Негр, уже не чаявший вернуть свое оружие, даже не нашел, что сразу ответить, и проводил двух белых туристов восхищенным взглядом.
— Возьмите мою девчонку, сэр! — нагнал он Капкана, когда путешественники сдавали багаж. — Так возьмите!
— У нас всего два билета, Джонни. — Капкан похлопал его по плечу. — Я думаю, ты с ней сам справишься.
Джонни, может быть, впервые пожелавший сделать кому-то подарок, искренне огорчился.
А через два часа полета дремавший после виски Павел Андреевич подумал, что, может быть, и следовало ему с Никитой задержаться в Монровии на денек. Наверняка у Джонни девчонка что надо. И, черт возьми, простые радости жизни заслуживают того, чтобы уделять им внимание. Или какая это, к черту, жизнь?!
В Москве командировочных встретили ненастье и Хариус, толкавшийся на выходе с таможенного контроля.
— Как прошло?! — Мощный Хариус протиснулся к прибывшим.
— Как с белых яблонь дым. — Капкан передал ему сумку и повернулся к Брусникину.
Никита был бледен и подавлен.
— Ты лечись. — Капкан обнял Брусникина. — Бабки я завтра же твоему агенту завезу. И скула твоя заживет. Шрамы украшают правильных людей.
— Малюта наш весь в украшениях! — Хариус было заржал, но тут же захлебнулся под суровым взглядом «продюсера».
Брусникин молча вернул Капкану паспорт господина Дрозденко.
— Ну, будь, — тепло простился с ним Павел Андреевич. — Мы с тобой еще такую киноху заснимем, что Эйнштейн припухнет.
«Эйзенштейн», — мысленно поправил его Никита и захромал с чемоданом на платную стоянку.
— Грохнуть бы его, — глядя вслед артисту, предложил Хариус. — Лишний свидетель. Заложит чуть что, баклан.
— Я тебя скорее грохну, — молвил старший по возрасту и званию товарищ. — Брусникин таких, как мы, сотни стоит. И по нашему делу он не свидетель, а соучастник.
— Разве что, — обиженно буркнул Хариус, но, будто внезапно вспомнив что-то, мгновенно оживился. — Держи, фартовый! Я ее к твоему подъезду отогнал! Нам таких подарков Малюта не подносит!
Брелок с ключами от «Мерседеса» упал в нагрудный карман «продюсерского» кожаного плаща, который был доставлен все тем же Хариусом и который Капкан уже успел накинуть на плечи.
— Да, и вот что. — Хариус неуверенно поскреб щетину на подбородке. — Бумаги Малюта велел мне сразу же в контору отвезти. Ты как, со мной?
— Я с собой, — фыркнул Капкан.
«Ну уж нет, вождь краснорожих. Мой скальп ты между весел не прибьешь. Слушать, как ты при виде доверенности на мое имя молоток и гвозди заказываешь, это — чересчур, — рассудил он здраво. — Уколись, понюхай, взвесь всю свою жадность и глупость. А я отдохну пока».
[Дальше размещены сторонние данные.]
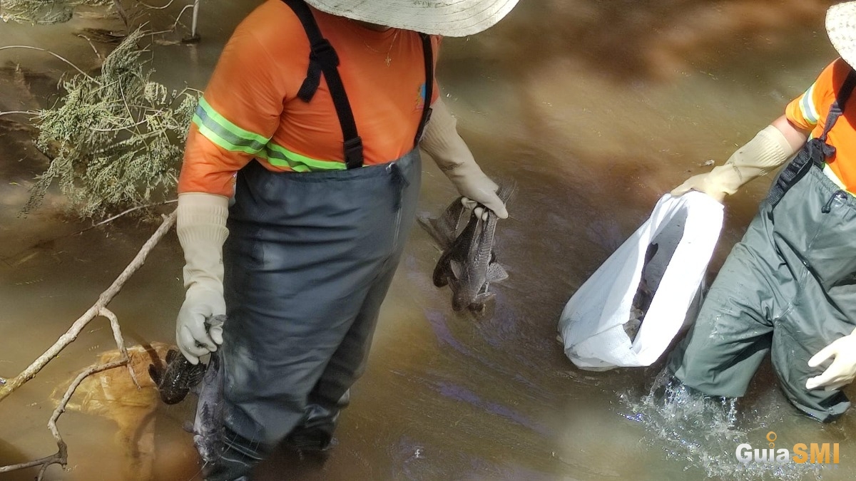 Na tarde desta quinta-feira (22), a Secretaria Municipal de Meio Ambiente de São Miguel do Iguaçu realizou a retirada dos peixes que morreram no Rio Pinto, dando sequência às ações motivadas pela mortandade dos animais ocorrida no início da semana.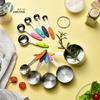 Juego de herramientas para hornear, cuchara medidora arcoíris creativa, taza medidora de plástico, juego de 8 piezas, cesta para lavar verduras multifunción, colador de polvo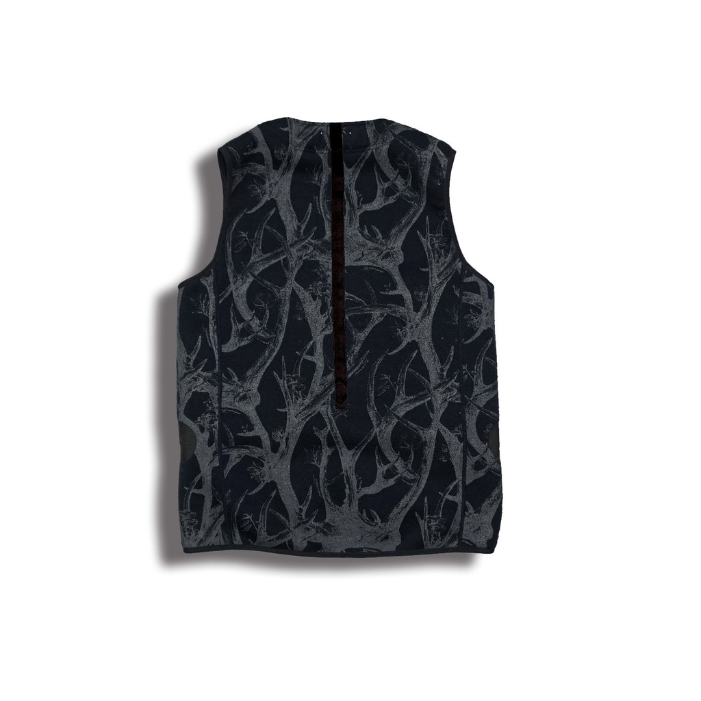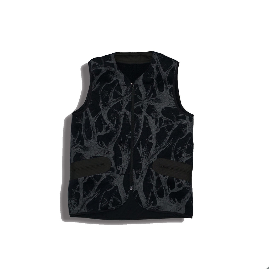 This vest is double use of HNCT-007 Liner of Fish Tail Wild Coat. It has large capacity pockets. The back surface with Boa fabric is used Horn Tree Pattern by nowartt (Textile Graphic Brand). It is able to enjoy wearing different images at both back and front.

Ночью Капкан вышел из подъезда. При свете уличного фонаря он рассмотрел брелок на ключах от новенького «Мерседеса-250». В его полую окружность был впаян серебряный якорь.
«Вроде того, что помни, родной, ты у меня на приколе, — неуловимо усмехнулся Павел Андреевич. — Эх, Малюта. Погубит тебя когда-нибудь страсть к символическим игрушкам. Кто предупрежден, тот — вооружен».
Павел Андреевич открыл дверцу, сел и вставил ключ в замок зажигания.
— Что же, — молвил он, положив руки на руль, — настала пора и мне задвинуть по «бану» со скоростью двести пятьдесят.
Оперативная группа, почти сразу примчавшаяся к месту взрыва, застала искореженный подарок Малюты выгоревшим «до железки». За рулем так и замер обугленный скелет. Мина, заложенная Хариусом под сиденье по прямому и непосредственному распоряжению шефа, не оставила водителю ни единого шанса, поскольку ее тротиловый эквивалент был, что называется, с запасом на все случаи жизни.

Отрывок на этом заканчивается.